(Montréal) Le déconfinement qui se poursuit progressivement a beau générer un sentiment de lent retour à la normale, l’organisme Banques alimentaires du Québec constate toujours une hausse du recours à ses services et craint que la situation ne dure pendant encore plusieurs mois.

« L’économie est au ralenti. Les programmes gouvernementaux vont être modifiés.
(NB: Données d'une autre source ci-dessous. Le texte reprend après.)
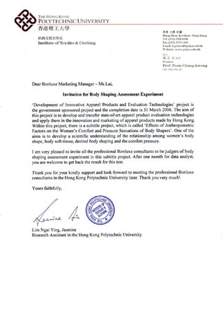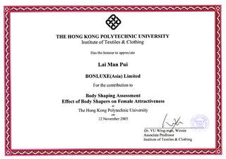 "Development of Innovation Apparel Products & Evaluation Technologies (2003 – 2006)" studies the further development and transfer of the latest apparel product evaluation technologies to the textile and garment industry. This project is sponsored by the Innovation and Technology Commission of the Hong Kong Government, The Hong Kong Polytechnic University, Bonluxe and the Hong Kong textile and apparel industry jointly participated in the funding.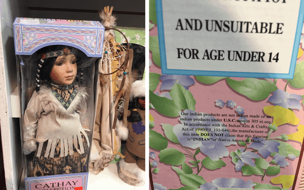 The manufacturer Cathay Collection produces a line of dolls, for example, that supposedly depicts an Indigenous figurine and includes a note for customers on the box: “Our Indian products are not Indian-made or an Indian product … In accordance with the Indian Arts & Crafts Act of 1990… the manufacturer of this item DOES NOT claim that this figurine is ‘INDIAN’ or ‘Native American Made.’”

On sait aussi qu’il y a […] des gens qui mettent de l’argent sur leur carte de crédit, qui repoussent leurs paiements d’hypothèque, qui essaient de retarder une visite à la banque alimentaire », a résumé la directrice générale, Julie Marchand.

« C’est tout ça ensemble qui fait qu’on se prépare à une augmentation additionnelle [du recours] à l’aide alimentaire. »

Depuis la mi-mars, Banques alimentaires du Québec a distribué l’équivalent de 40 millions à ses membres, soit 21 millions en dons monétaires et plus de 3,2 millions de kilos de denrées alimentaires, d’une valeur de 19 millions.

Selon les données de Statistique Canada, près d’un Canadien sur sept a déclaré vivre dans un ménage en situation d’insécurité alimentaire pendant la pandémie, alors qu’en temps normal, on estime que c’est plutôt une personne sur dix.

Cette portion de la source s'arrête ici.